П.Д. Никонов в своем интервью также размышляет о том, почему картина осталась ненаписанной: «Для меня это всегда было загадкой. Что помешало Корину написать этот холст? Ведь сколько лет он стоял! Я, как художник, знаю, что такое пустой холст... ну год или два проходит, потом все-таки на него набрасываешься... Думаю, что большая картина была уже не нужна: каждый портрет... монаха или нищего стал обобщенным образом той России, которая ушла. Очевидно, [Корин. - Н.А., В.Г.] все больше убеждался, что тема уже раскрыта, хотя сам себе, может, и не признавался в этом, но интуитивно, как художник, понимал, что холст не нужен» 5 . По предположению Никонова, картина для Корина так и осталась недостижимым идеалом, а холст - своеобразным свидетельством этого идеала.

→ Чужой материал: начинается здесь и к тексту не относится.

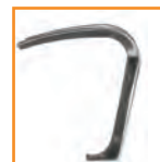
PAA - $272

C-style fixed height arm. WAB may be added.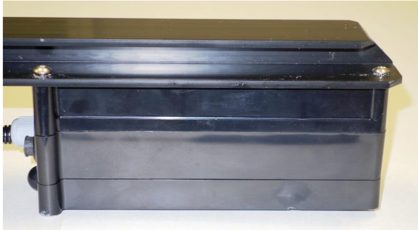
Magnetic Field Generator w/ CAM -External Photo Side View with Mounting Arm

Теперь этот холст, долго и тщательно готовившийся Кориным, помещен в центре экспозиции как самоценный художественный объект. Об истории создания этого холста вспоминает заведующая выставочным отделом Третьяковской галереи Н.Г. Дивова: по требованию художника был выткан цельный, бесшовный холст, получить который удалось только после нескольких неудач. О том же говорил и Степан Чураков, реставратор, ученик Корина, запечатленный мастером на двойном портрете к «Реквиему» «Отец и сын»: «.подрамник был сделан особый, по расчетам Евгения Васильевича Кудрявцева, заведующего реставрационной мастерской Третьяковской галереи» 6 . Чураков помогал натягивать и грунтовать холст. В доме-мастерской перед этим «большим» холстом Корин выстраивал свои портреты, устанавливая их низко на мольбертах. Огромный белый холст и поставленные рядом с ним портреты, часть из которых выполнена мастером «в полторы натуры», производили на избранных посетителей и гостей дома на Пироговке неизгладимое впечатление. Так искусствовед М.А. Реформатская описывала свои впечатления от увиденного в мастерской еще в 1950-е годы: «Громадный нетронутый холст стоял, почти пугая своей белизной, поодаль стояли высокие и пустые стремянки, а на полу, диагонально, но симметрично, радиусами расходились ряды портретов. И... впечатление было такое, что на вас "шел Бирнамский лес" в виде фигур: черных, серых, с мощными суровыми взглядами... Портретный цикл и белый холст были единым целым... В нетронутости холста была идея благоговения к большой картине, к пластам русской традиции, которая просвечивает в творчестве Корина, воспринимавшего себя и как художника, и как в определенном смысле миссионера от искусства» 7 .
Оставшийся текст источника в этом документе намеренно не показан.